第24話受付嬢

 冒険者ギルド(情報部)


 ギルドでは受付嬢が待っていた、鉄面皮で表情筋が死んでると言われながらも待っていた。


 この娘も別の城砦で魔族に両親兄弟姉妹を殺され、自分は王都の学校の寮に入っていたので無傷という経歴の持ち主。


 王国の西の果ては既に魔族に食い荒らされていて、魔の森の南側は陥落していて魔国領域。


 両親の墓にすら参れない、遺体もどこに散逸したかもわからない状態。


 それでも昨夜、殲滅竜の姉が酔った勢いで十二魔将を倒し、魔の森にある物流拠点を崩壊させたという。

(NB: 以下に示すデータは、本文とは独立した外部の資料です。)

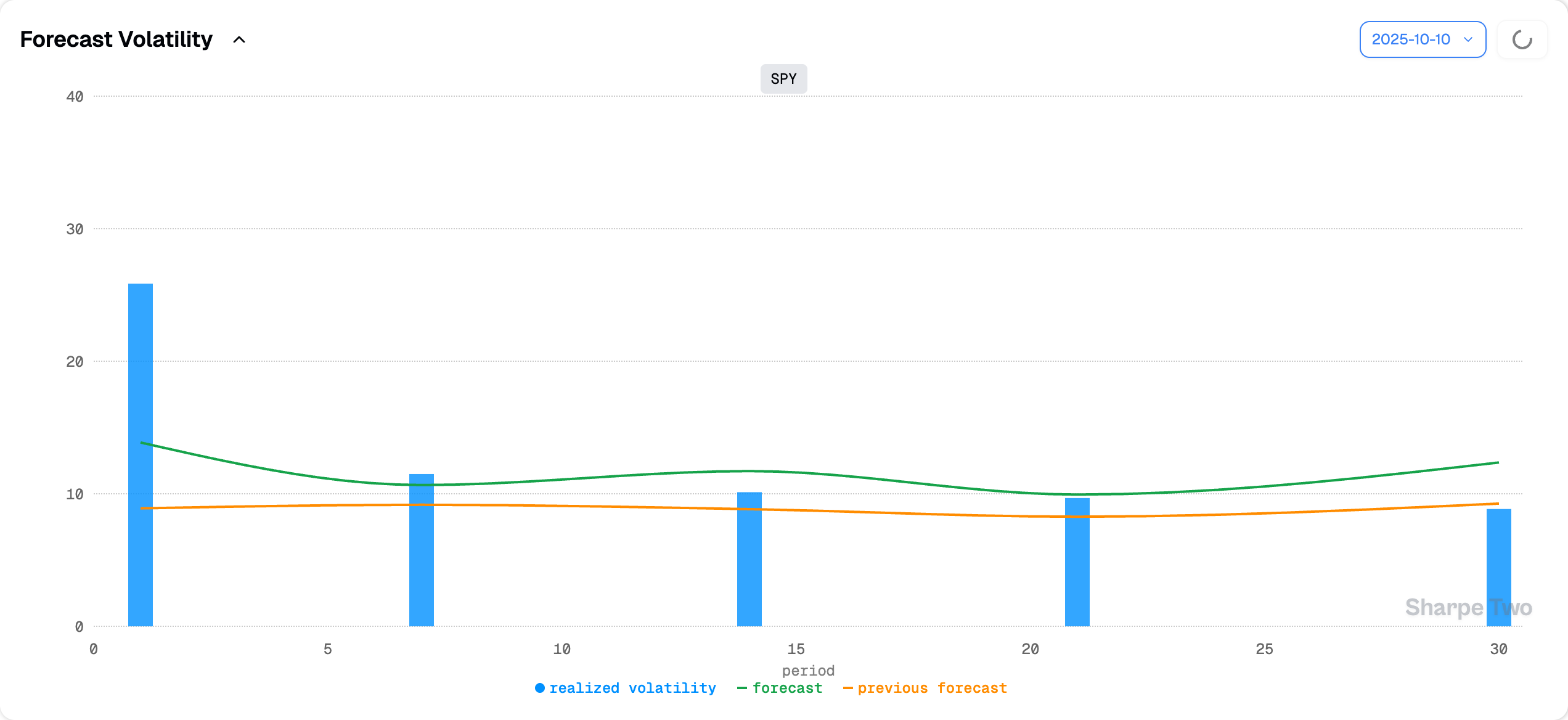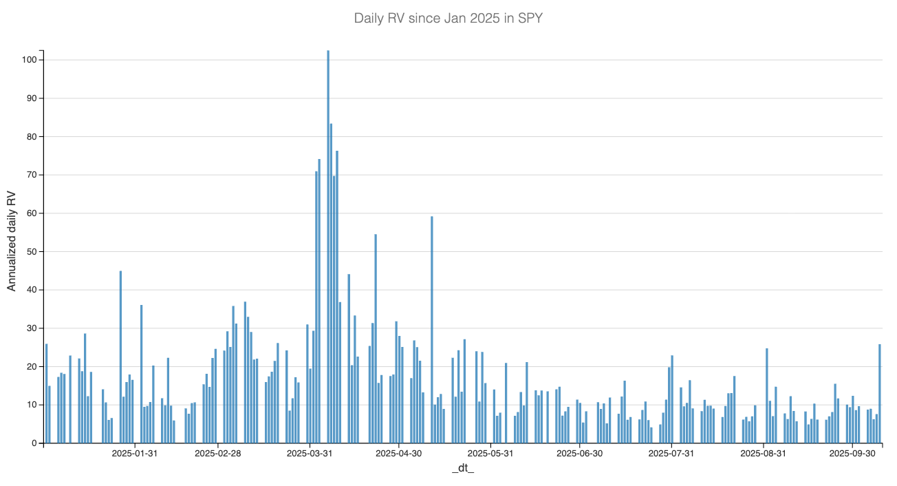 Not much has changed from last week: we are sitting around 9, with an expected move up to roughly 13 over the next 30 days. We know this model tends to lag a little and capture more of the long-term average. But let us imagine things really start to heat up — realized vol jumps from 9 to 15. That would mark a dramatic regime shift compared to the past month. For that to happen, we would need to see daily realized variance consistently running between 15 and 20 for at least two weeks straight.

 本日ももうすぐ業務終了だが、ギリギリまで待っていた。



「すいませ~ん、また姉さんがヤラカシちゃったみたいで。ほら、姉さん、報告」


 王がギルドにやって来て、姉同伴で薬草採取終了と依頼書片手にやって来た。


「ああ、終わった、一人死んだらしい」


 無造作に「十二魔将討伐」の依頼書をカウンターに置き、弟が討伐証明らしきものを置いた。


「うっ、ううっ、うわああああああっ!」


 受付嬢の方がカウンターに突っ伏して泣きだしてしまい、何事かと思ったが、聞いてみると西の方が解放され、魔族が駐屯していた領域も維持できなくなって後退し始めたらしい。


「に、西の方の城砦…… 魔族に、うっ、占領されてたのが、解放されたそうで、グスッ」


 それも食い物も何も来なくなったので「殲滅竜が出た」と口々に言って脱走兵多数なんだとか。


「へえ、そんな状況なんだ? 受付嬢さんがそんなに泣くなんて、早く言ってくれればすぐヤっちゃったのに」


 情報部員としては出来なかったのと、殲滅竜に過度の接触は禁止されていたので言わなかった。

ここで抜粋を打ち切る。